Calendly became the default scheduling tool the same way Zoom became the default video call — not by being the best option at every price point, but by being good enough at the right moment. In 2026, both "good enough" and the price point have shifted. Cal.com is open source and free to self-host. SavvyCal has a genuinely useful feature that Calendly doesn't. The question isn't whether Calendly works — it does — it's whether it's worth $10-16 per user per month when the alternatives have caught up.
What Each Tool Is
Calendly is the scheduling tool that made scheduling links the norm. Founded in 2013, it has the largest market share, the most integrations, and the most recognition, when you send someone a scheduling link, there's a reasonable chance they've seen one before and know how to use it. The product is solid: multiple event types, group scheduling, round-robin for sales teams, routing forms for inbound qualification, and workflow automation for reminders.
The criticism: pricing has increased over time. The features most sales and operations teams actually need, round-robin distribution, Salesforce integration, routing forms, require the Teams plan at $16/user/month. That's a meaningful per-seat cost for a scheduling tool.
SavvyCal was built by Derrick Reimer, who previously co-founded Drip. The product is Calendly-comparable on most features at $12/user/month, but the overlay feature is the reason to consider it.
When someone opens a SavvyCal scheduling link, they can connect their own Google Calendar or Outlook calendar. Their existing appointments appear as overlays on your available slots. They see, at a glance, which times work without opening a separate tab, checking their calendar, going back, and selecting. It removes the back-and-forth that makes scheduling links slightly annoying even when they technically work. No other scheduling tool does this.

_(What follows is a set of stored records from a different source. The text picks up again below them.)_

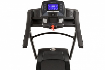 Благодаря мощному и бесшумному двигателю 2,5 л/с Вы можете регулировать скорость движения беговой дорожки от 0,8 до 18 км/ч. На панели управления и рукоятках расположены клавиши быстрого изменения скорости и угла наклона бегового полотна. Кроме этого, на рукоятках также расположены датчики измерения пульса, что позволяет осуществлять кардио-контроль в процессе тренировки. Данные о частоте сердечных сокращений, а также другие ключевые показатели (дистанцию, время, скорость, угол подъема, расход калорий) компьютер выводит на 7-дюймовый LCD монитор с подсветкой. Также с помощью компьютера пользователь может выбрать одну из 50 предустановленных программ тренировок. Сюда входят автоматические программы, пользовательские программы, программа ручной настройки, фитнес-тест, а также целевые программы, в т.ч. программы кардио-контроля.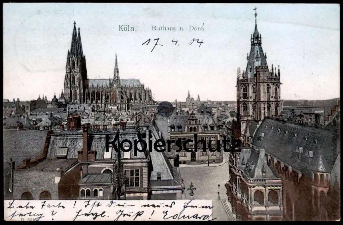 ALTE POSTKARTE KÖLN DOM UND RATHAUS 1904 PANORAMA GESAMTANSICHT Stempel Cöln Ansichtskarte AK postcard cpa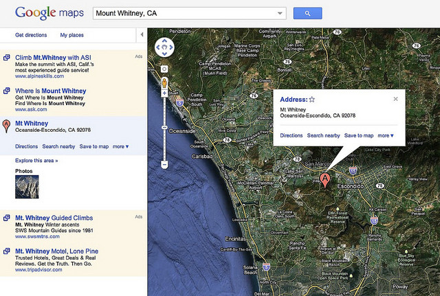 Muntele Whitney este cel mai inalt dintre toti muntii din SUA continentala. E normal sa fie usor de fixat pe harta, mai ales pentru cineva care cu asta se ocupa, cum ar fi Google Maps.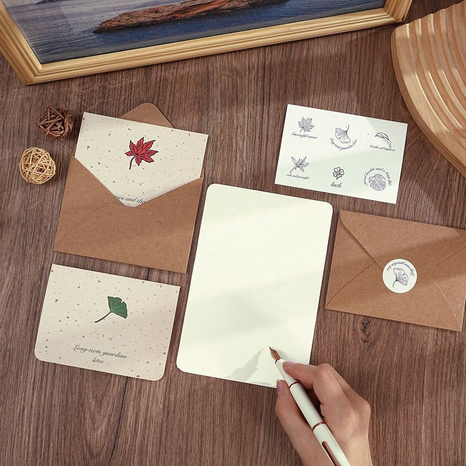 Carte de remerciement de mariage carte postale manuscrite en papier blanc floral cartes de remerciement personnalisées avec logo et enveloppe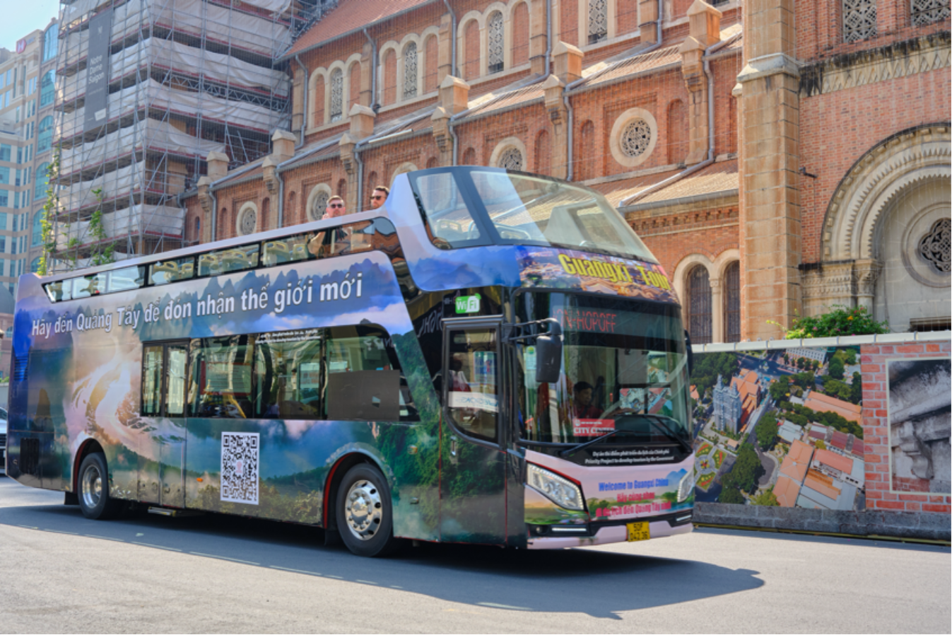 在越南胡志明,穿行于城市核心地带的双层观光巴士,化身为流动的“广西画卷”。车身绘制的广西山水景观,吸引了沿途胡志明市民和外国游客的目光,人们自发拍照打卡,在社交媒体上引发二次传播。在越南吞吐量最大的胡志明市新山国际机场,通过在高人流量区域投放广西文旅视频广告,第一时间向各国游客与商务人士传递广西独特魅力,有效触达潜在客源群体。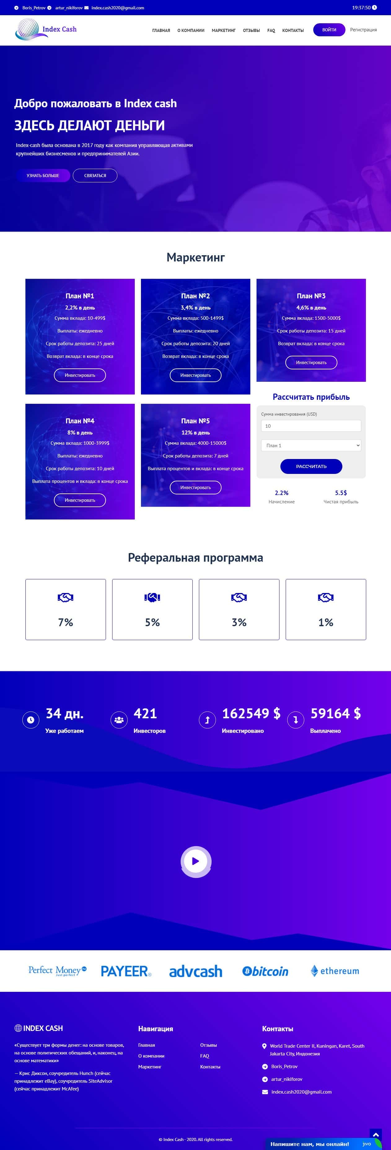 - Что можно сказать о главной странице сайта жуликов Index Cash?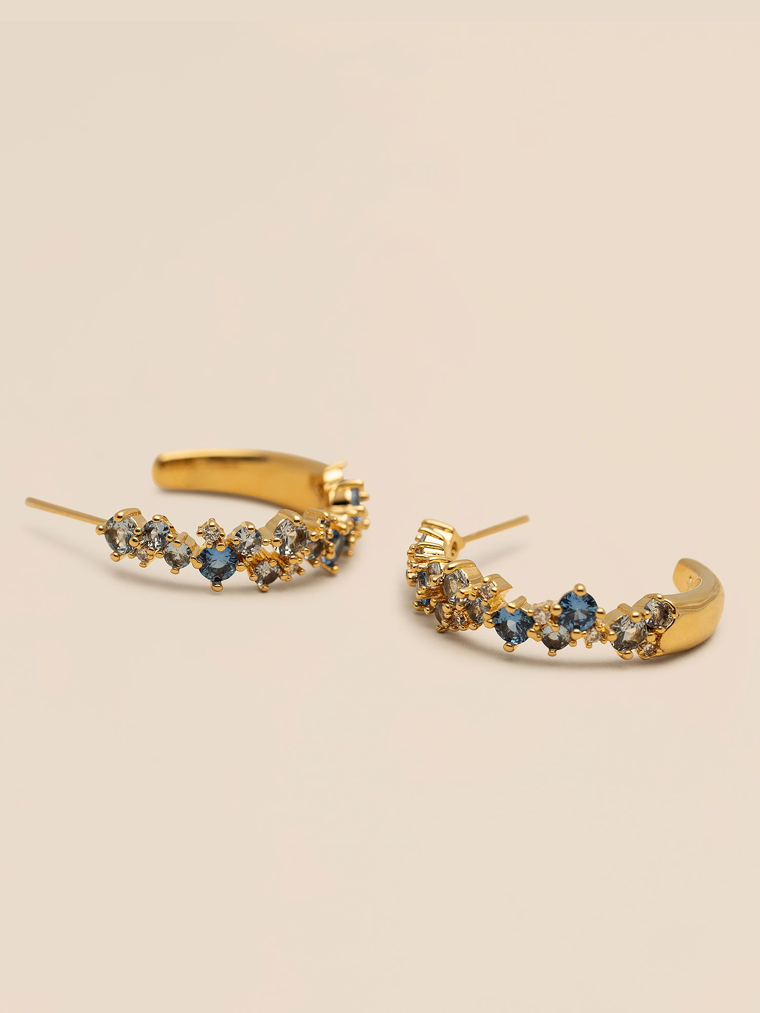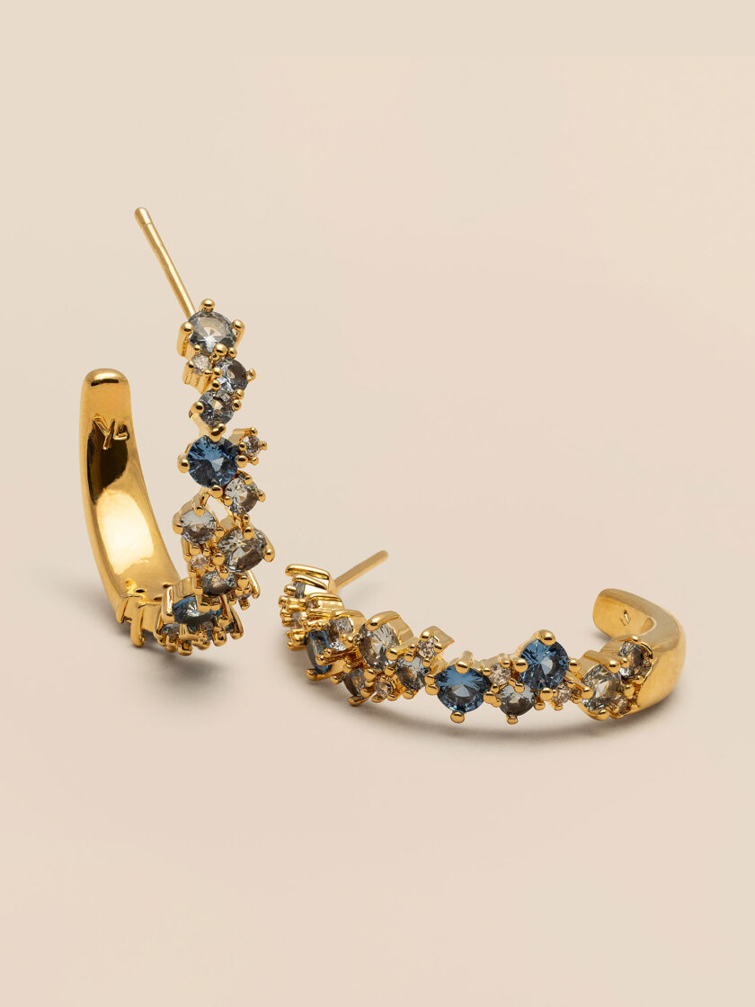 Our Meadow Avantgarde Hoops are adorned with an asymmetric cluster of contrasting blue shade stones. Each sparkling gem is delicately nestled amongst organic gold granules.

Cal.com is an open source scheduling platform (AGPL license) with 28,000+ GitHub stars. It can be self-hosted on your own infrastructure for free, unlimited event types, unlimited meetings, no branding, full feature set. Cal.com Cloud (managed hosting) starts with a free tier and has a Teams plan at $12/user/month. The feature set has reached parity with Calendly, including round-robin, collective scheduling, routing forms, payment collection, and 100+ integrations.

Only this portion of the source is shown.